The prognosis of DILI from AAS, SARMs and BBS is good although liver transplantation may rarely be required. A detailed drug history is important in uncovering DILI due to these supplements.

摘要

背景

随着时间的推移,草药和膳食补充剂导致的 DILI 报告不断增加。

目的

描述澳大利亚合成代谢雄激素类固醇(AAS)、选择性雄激素受体调节剂(SARMs)和健身补充剂(BBS)导致的药物性肝损伤(DILI)的临床、实验室和组织病理学表型及结局。

方法

回顾性病例系列。2017 年至 2023 年,患者在澳大利亚的 9 家三级医院就诊。

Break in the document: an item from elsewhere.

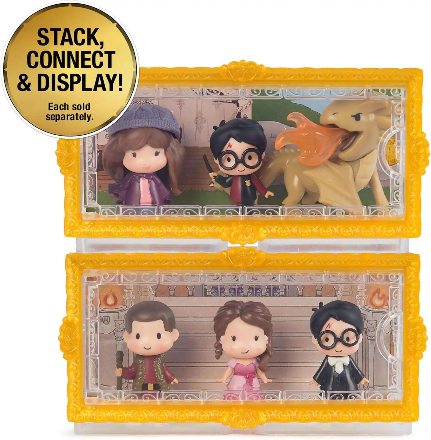 - STACK, CONNECT & DISPLAY: The unique Hogwarts portrait frame case stacks & connects with the other Micro Magical Moments mini toys (each sold separately). Build your own display
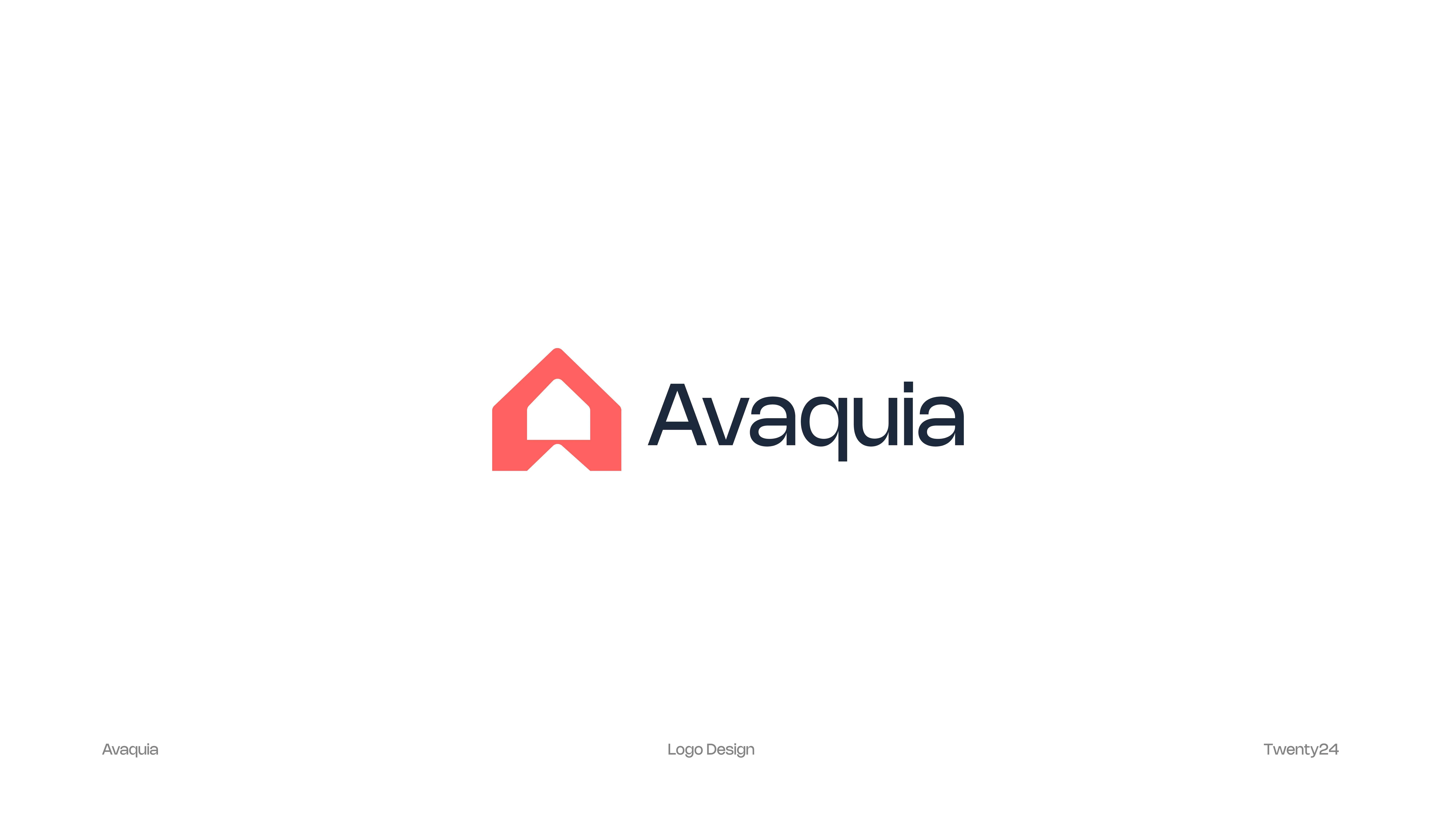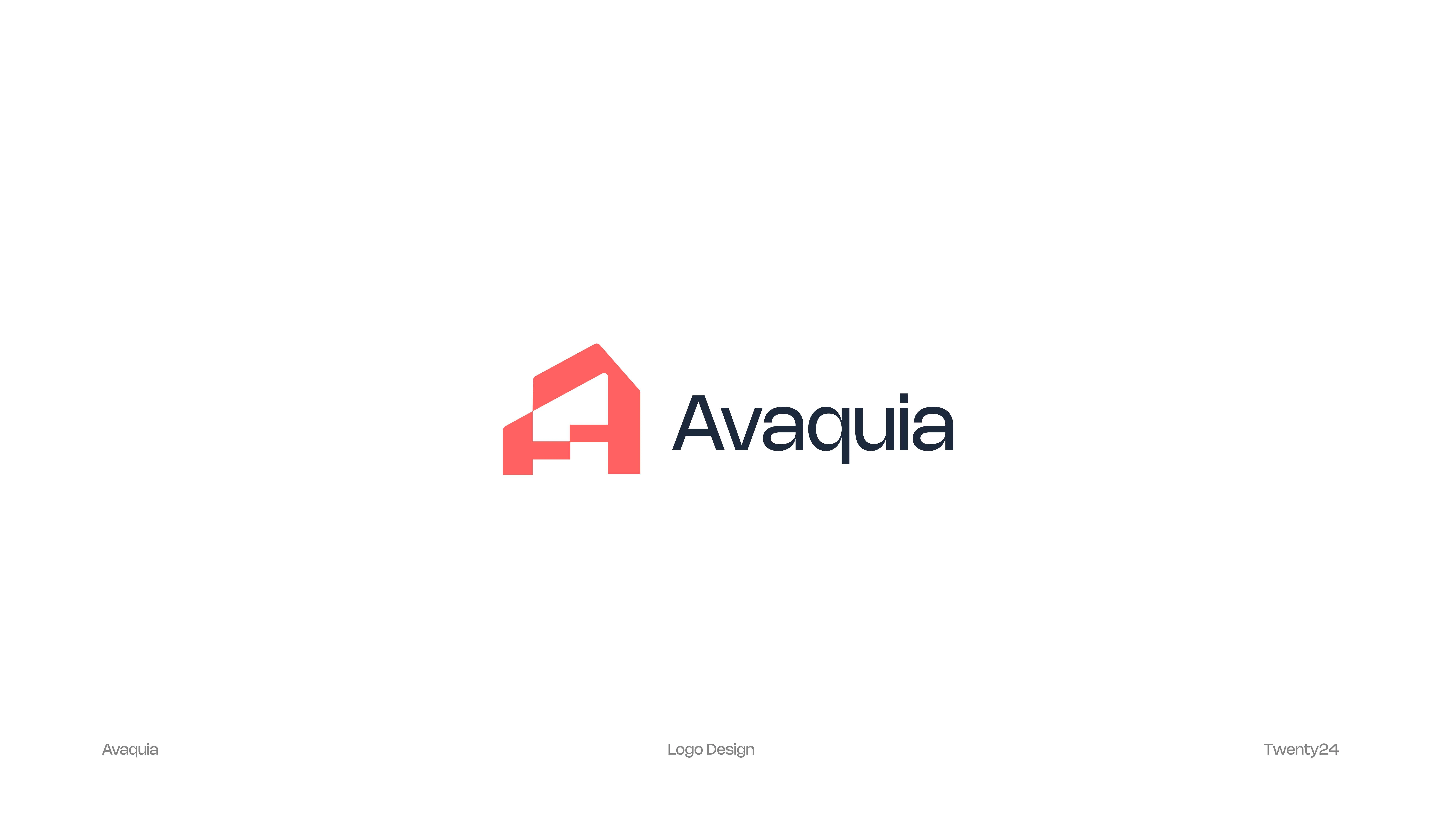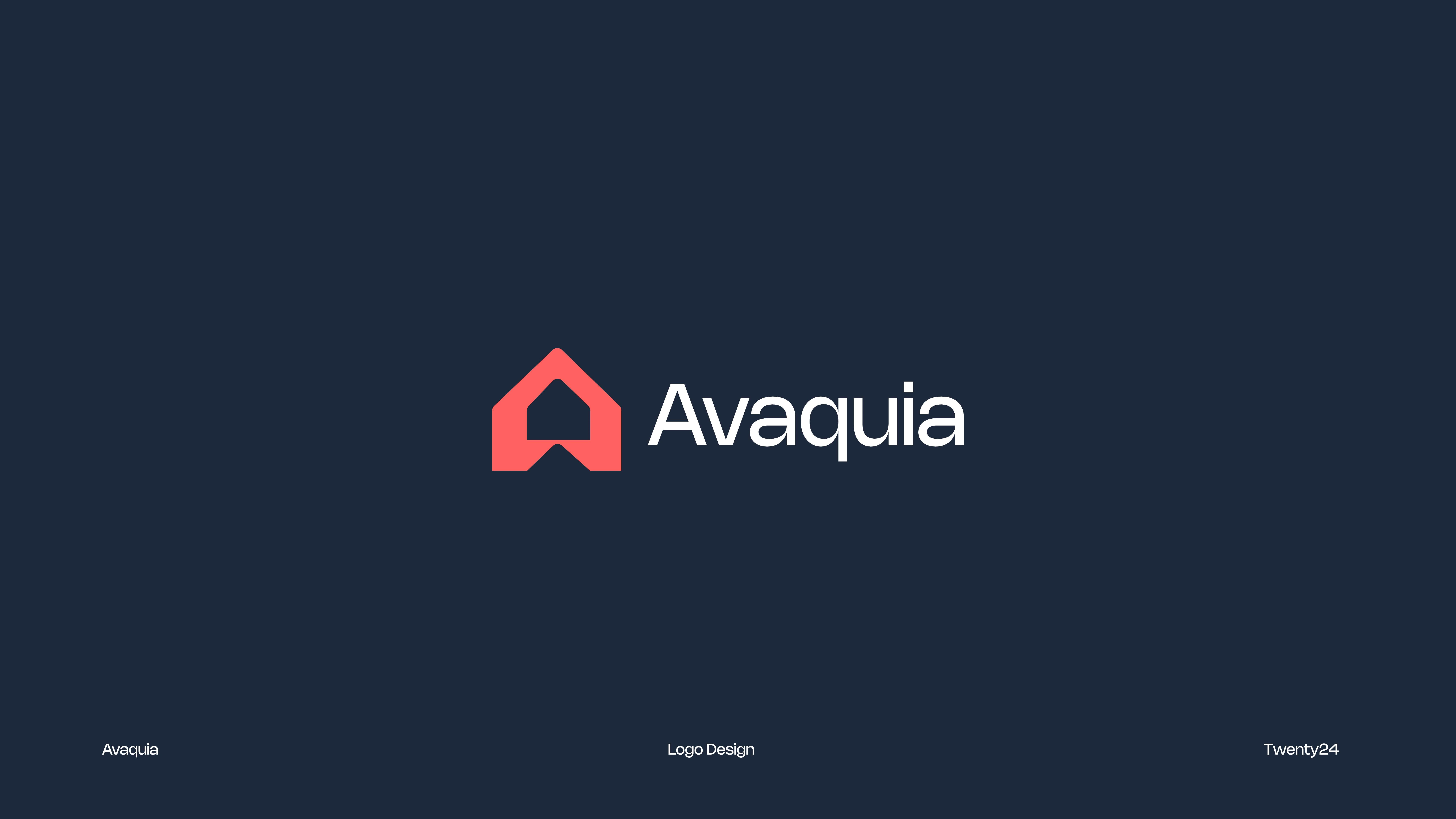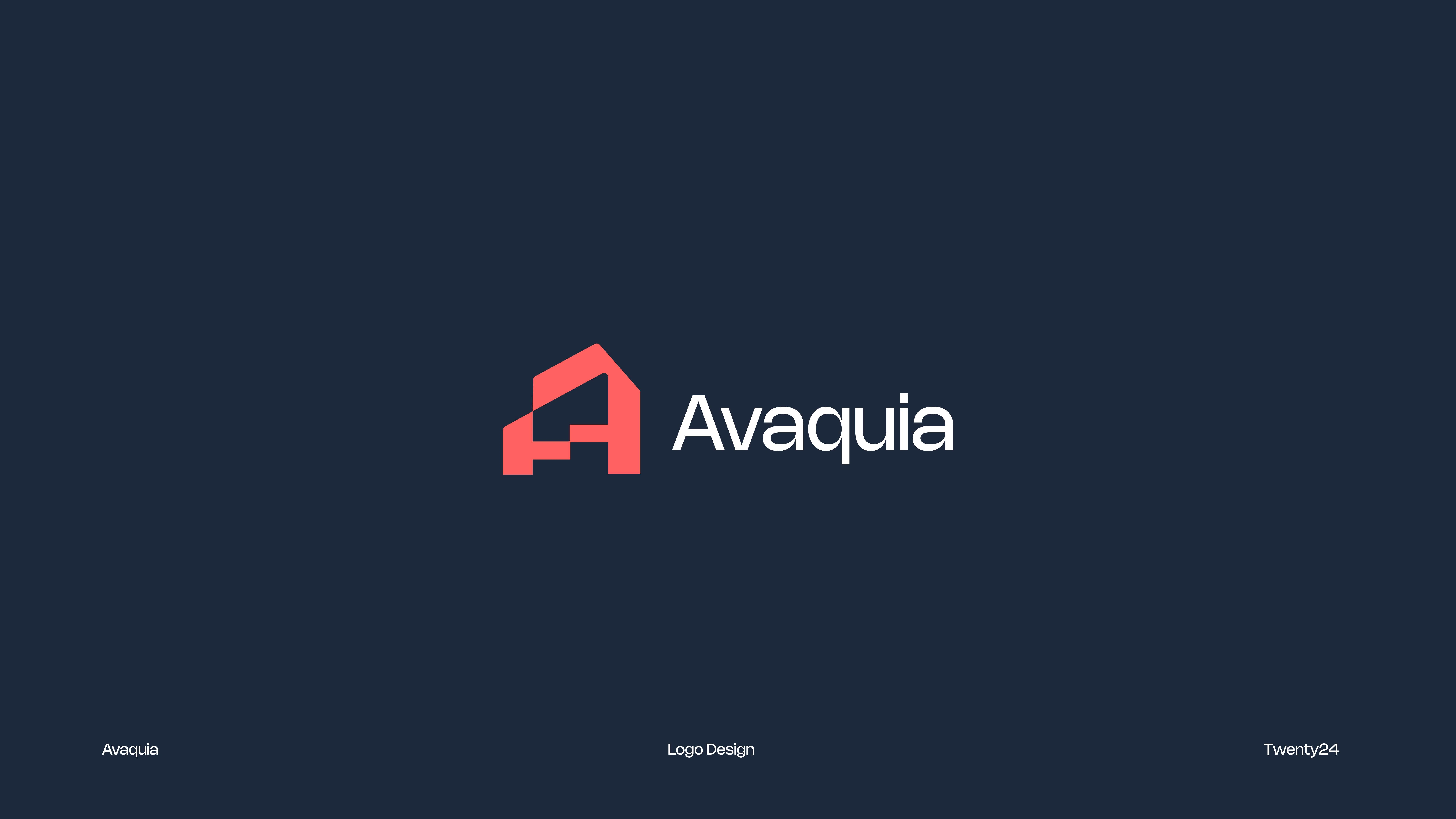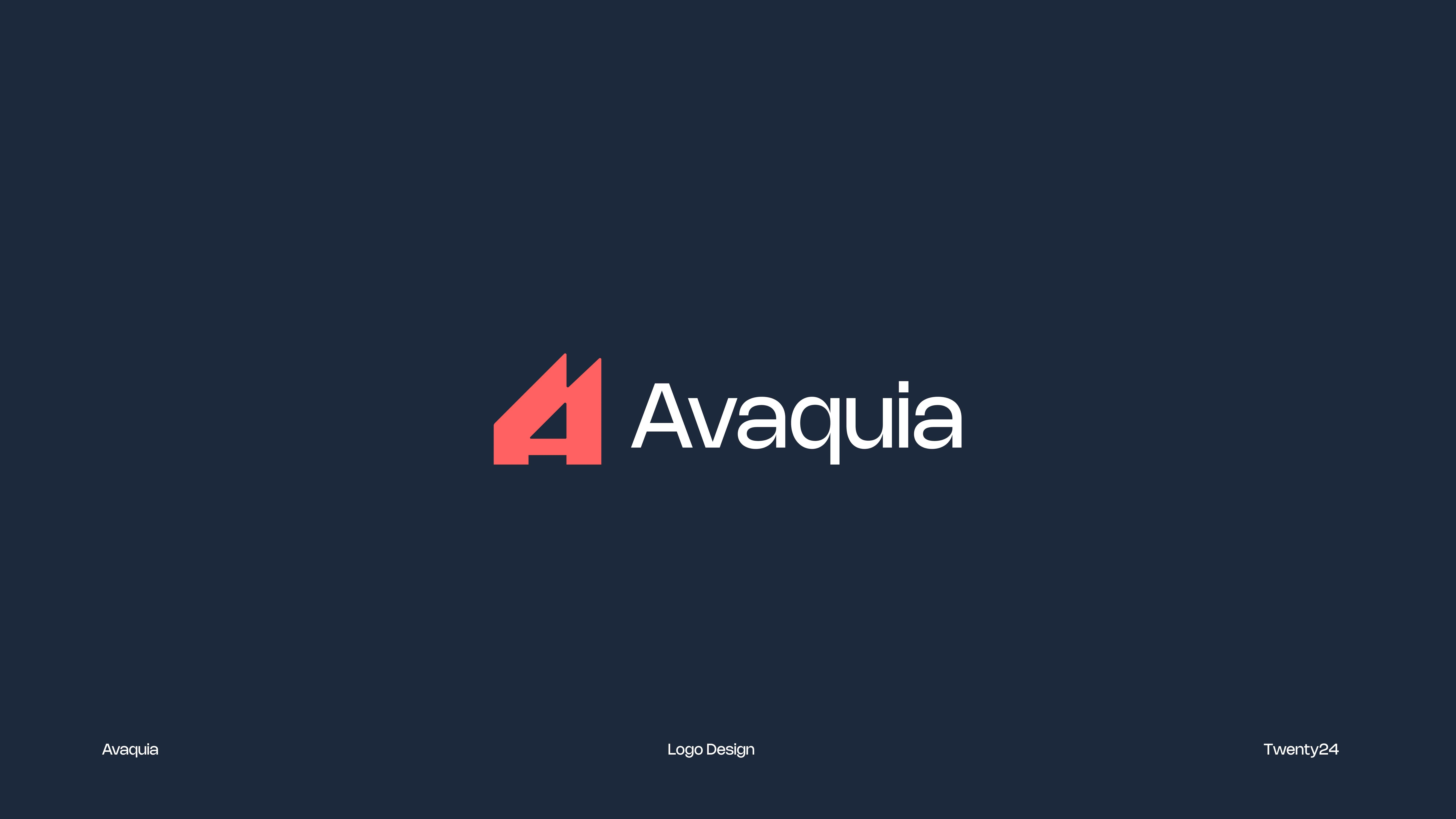 The AVAQUIA logo features bold, modern typography in a vibrant coral-red color set against a deep navy background. The strong, geometric letterforms create a contemporary and confident visual identity, reflecting a brand that is stylish, forward-thinking, and memorable.

DILI 通过生化指标定义,如果他们的治疗医生认为 DILI 是由之前使用 AAS、SARMs 或 BBS 引起的,则纳入患者。主要终点是肝功能生化指标正常化的时间。次要终点是因 DILI 进行调查或治疗而住院、归因于肝损伤的死亡和肝移植。

结果

共确定了 23 例 DILI 病例,涉及 40 种药物:18 种 AAS、14 种 SARMs 和 8 种 BBS。患者均为男性(22/23),中位年龄 30 岁(IQR 26-42)。大多数患者有症状(21/23)。药物开始后中位潜伏期为 58 天(IQR 28-112 天)。大多数患者(17/23)住院。根据更新的 Roussel Uclaf Causality Assessment Method,23 例患者中,17 例为可能、2 例为很可能、4 例为不太可能。从就诊到肝功能生化指标正常化的中位时间为 175 天(IQR 70-292 天)。3 例(3/23)患者接受了皮质类固醇治疗,14 例(14/23)患者接受了瘙痒治疗,1 例(1/23)患者接受了肝移植。无死亡病例。

结论

尽管可能需要进行肝移植,但 AAS、SARMs 和 BBS 引起的 DILI 预后良好。详细的药物史对于发现这些补充剂引起的 DILI 很重要。